YOUR OBJECTIVE: Exactly as written, print the lines from the top of the listing through the line containing "加高毛輥清洗機是我公司自行研"; include no pictures.

DATA BELOW:
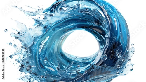Fototapeta premium circle Swirl of blue water. Rounded splash of blue water isolated on white background
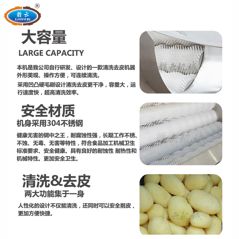 加高毛輥清洗機是我公司自行研發、設計的一款清洗去皮機器,外形美觀,操作方便,可連續清洗。采用凹凸硬毛刷設計,清洗去皮更干凈,容量大,運行速度快,超高清洗效率。機身采用304不銹鋼材質,健康無害耐腐蝕性強,長期工作不銹、不蝕、無毒、無害等特性,符合食品加工機械衛生標準要求、安全健康。具有良好的耐蝕性,耐熱性和機械特性。更加安全衛生。清洗加去皮,兩大功能集于一身,人性化的設計,清洗的同時還能去皮。 本產品屬于定制產品,需要定制請聯系我們的客服哦!
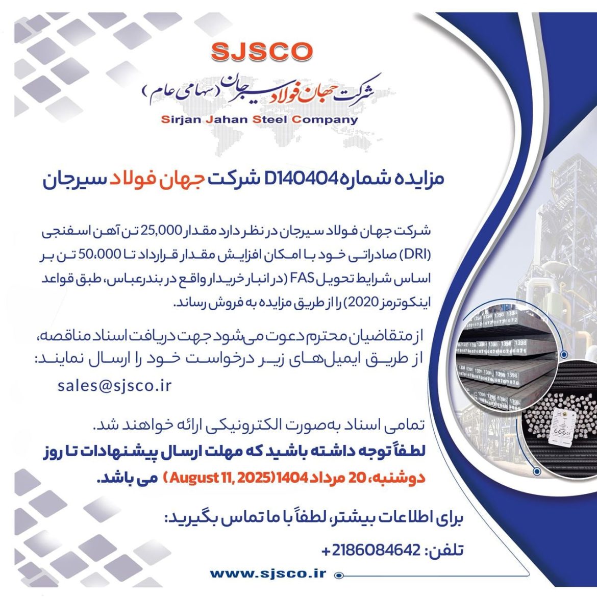 شرکت جهان فولاد سیرجان، از تولیدکنندگان مطرح فولاد کشور، با انتشار یک آگهی رسمی، برگزاری مزایدهای برای فروش محصول آهن اسفنجی (DRI) صادراتی خود را اعلام کرد. حجم اولیه محصول در نظر گرفته شده برای این مزایده، 25 هزار تن است. این فرصت برای فعالان بازار بینالمللی و تجاری که به دنبال تأمین این محصول استراتژیک هستند، اهمیت بالایی دارد.
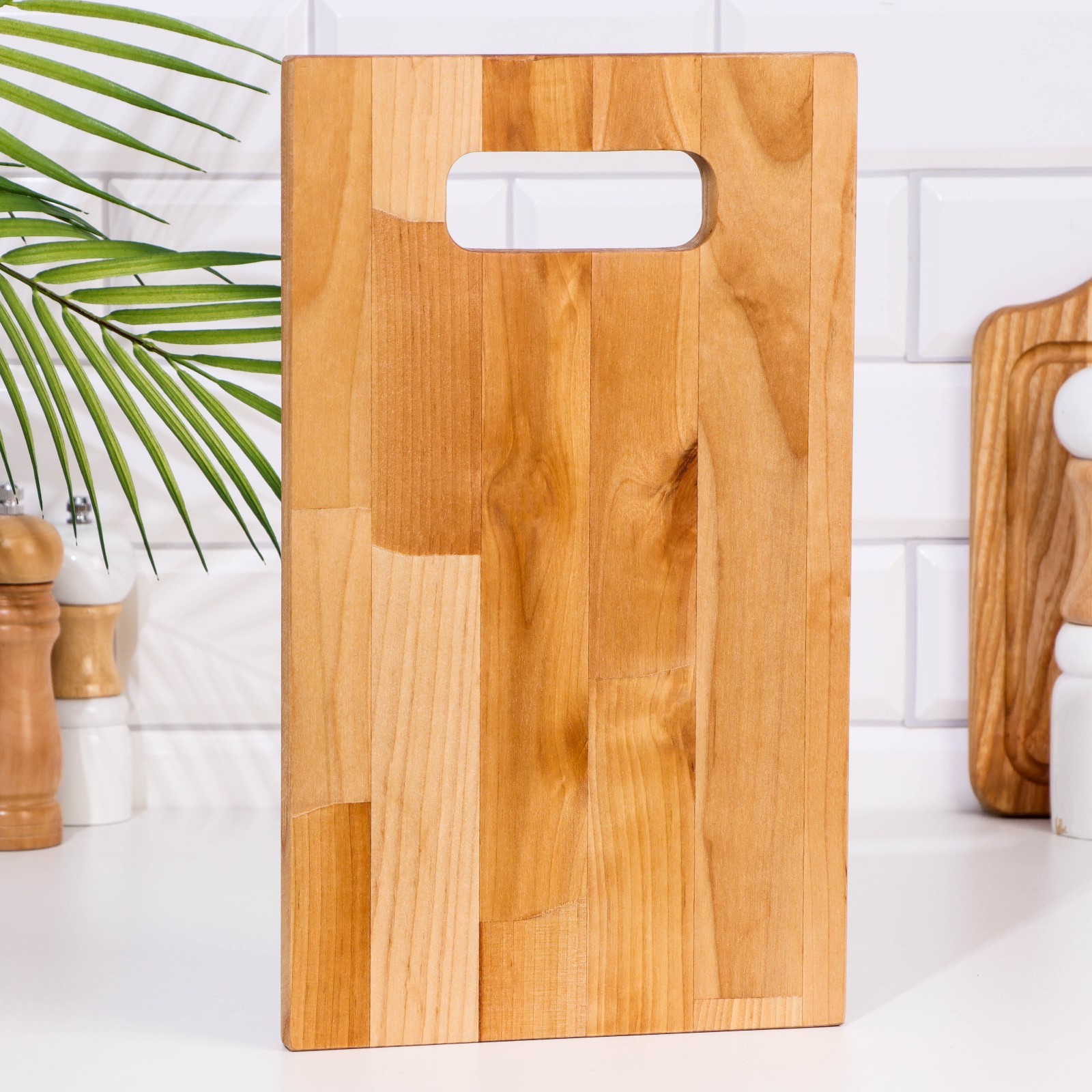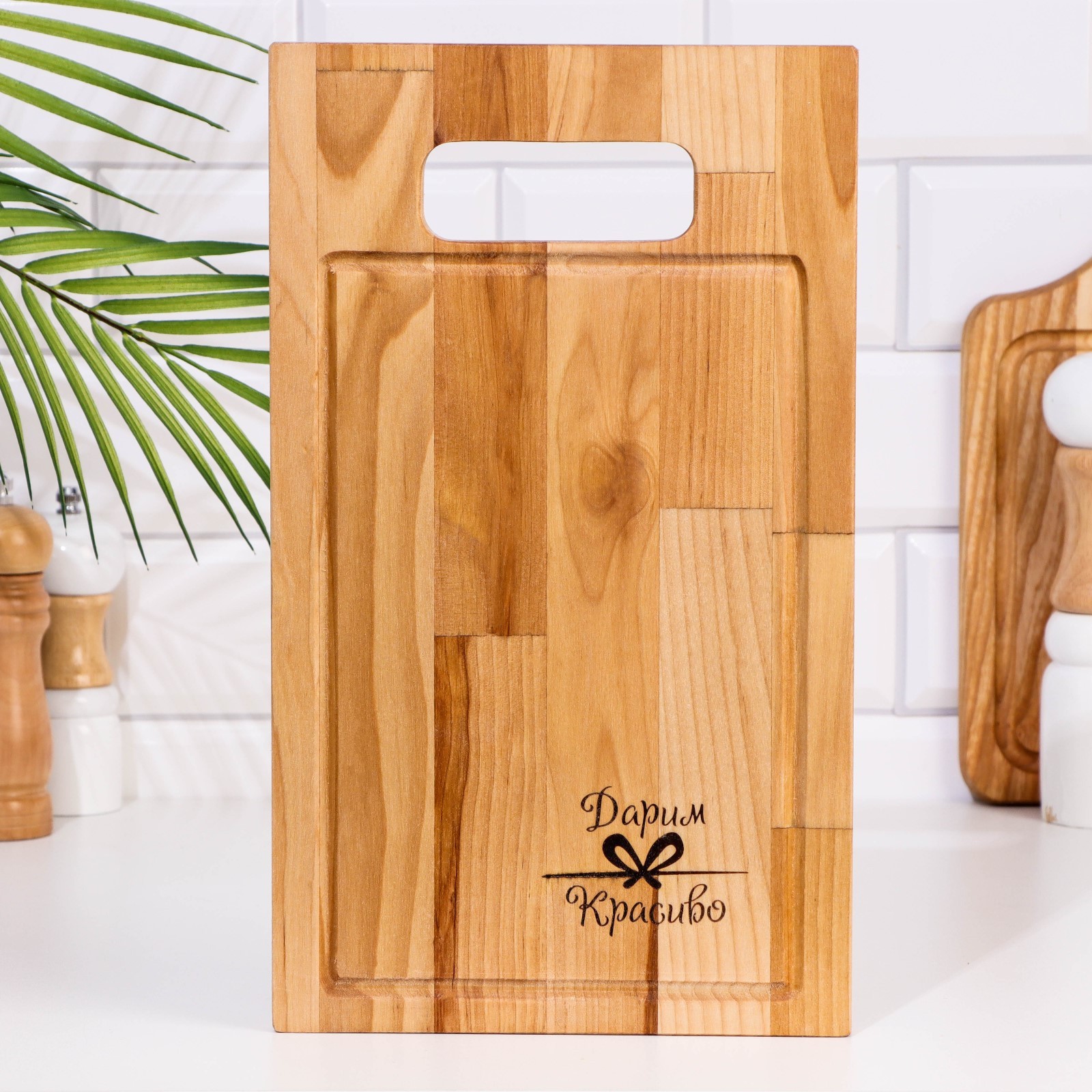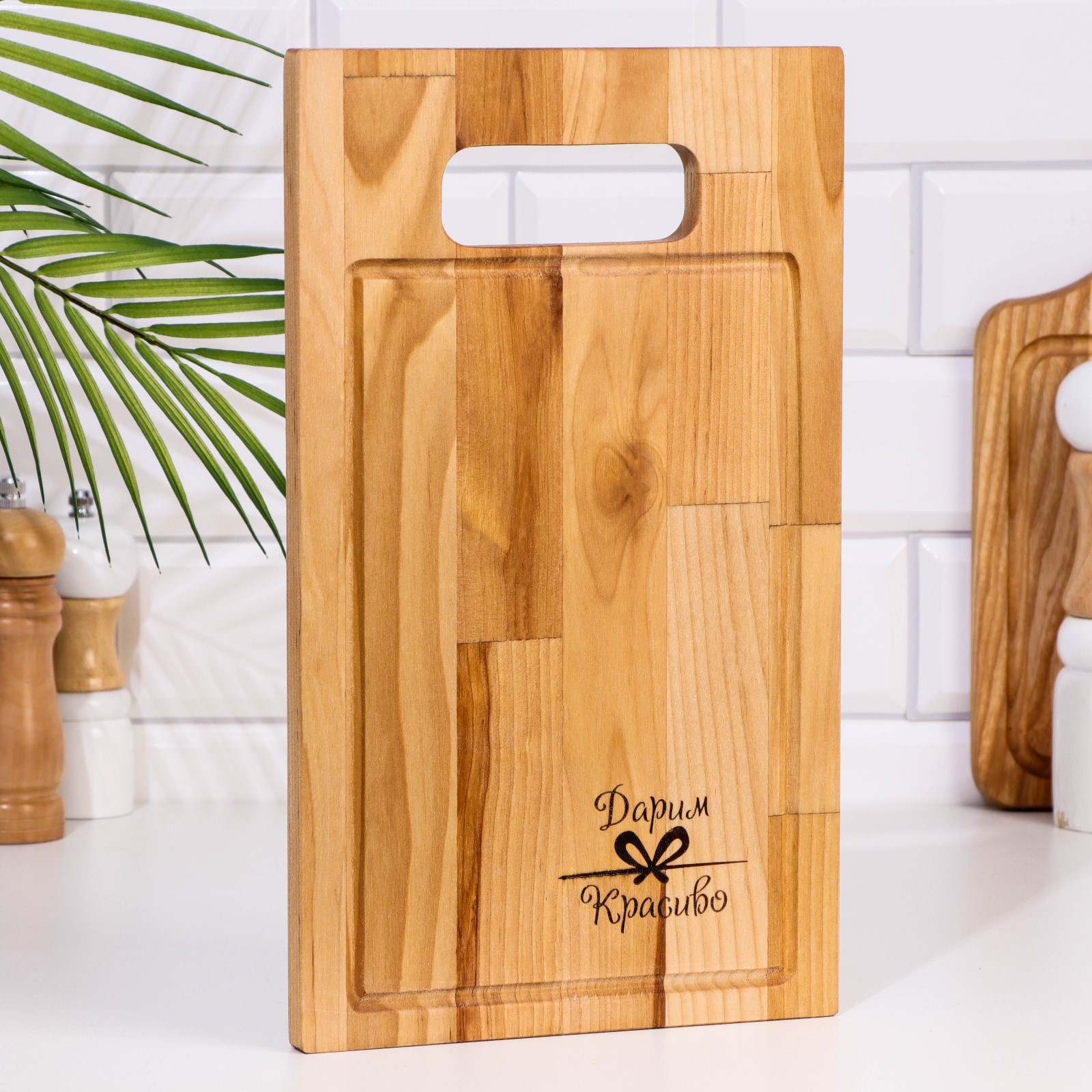 Доска разделочная "прямая ручка" средняя (кровосток) 34х20х1,8 см. Деревянная разделочная доска — это классика, актуальная во все времена. Она не боится воды и имеет длительный срок службы. Подходит для мяса и овощей: продукты на ней не скользят, что значительно облегчает нарезку и обеспечивает безопасность повару. Также изделие почти не тупит ножи. Особенности: легко моется и быстро сушится;удобно хранить, можно подвесить на крючок;безопасный природный материал;невысокая цена. Уход за деревянной посудой: 1. Перед первым использованием ополосните деревянное изделие в тёплой воде без добавления моющих средств. Протрите предмет впитывающей тканью. Оставьте его на 1–2 часа, чтобы испарилась вся влага. 2. Не оставляйте изделие надолго в воде, так как дерево впитывает влагу и по мере высыхания может растрескаться. 3. Храните посуду в месте, куда не попадают солнечные лучи и влага. 4. Мойте посуду только вручную, мягкой губкой с добавлением небольшого количества моющего средства. 5. Не оставляете деревянную посуду грязной или мокрой надолго. 6. После мытья тщательно протрите изделие и высушите в вертикальном положении. Цвет: Бежевый Форма: Прямоугольная Длина, см: 34 Ширина, см: 20 Вид дерева: Берёза Материал: Дерево Тип доски: Стандартная Температурное ограничение: Нет Можно мыть в посудомоечной машине: Нет Особенности: Подвесная Форма: Прямоугольник  развернуть описание ▼

TASK SOLUTION:
Fototapeta premium circle Swirl of blue water. Rounded splash of blue water isolated on white background
 加高毛輥清洗機是我公司自行研發、設計的一款清洗去皮機器,外形美觀,操作方便,可連續清洗。采用凹凸硬毛刷設計,清洗去皮更干凈,容量大,運行速度快,超高清洗效率。機身采用304不銹鋼材質,健康無害耐腐蝕性強,長期工作不銹、不蝕、無毒、無害等特性,符合食品加工機械衛生標準要求、安全健康。具有良好的耐蝕性,耐熱性和機械特性。更加安全衛生。清洗加去皮,兩大功能集于一身,人性化的設計,清洗的同時還能去皮。 本產品屬于定制產品,需要定制請聯系我們的客服哦!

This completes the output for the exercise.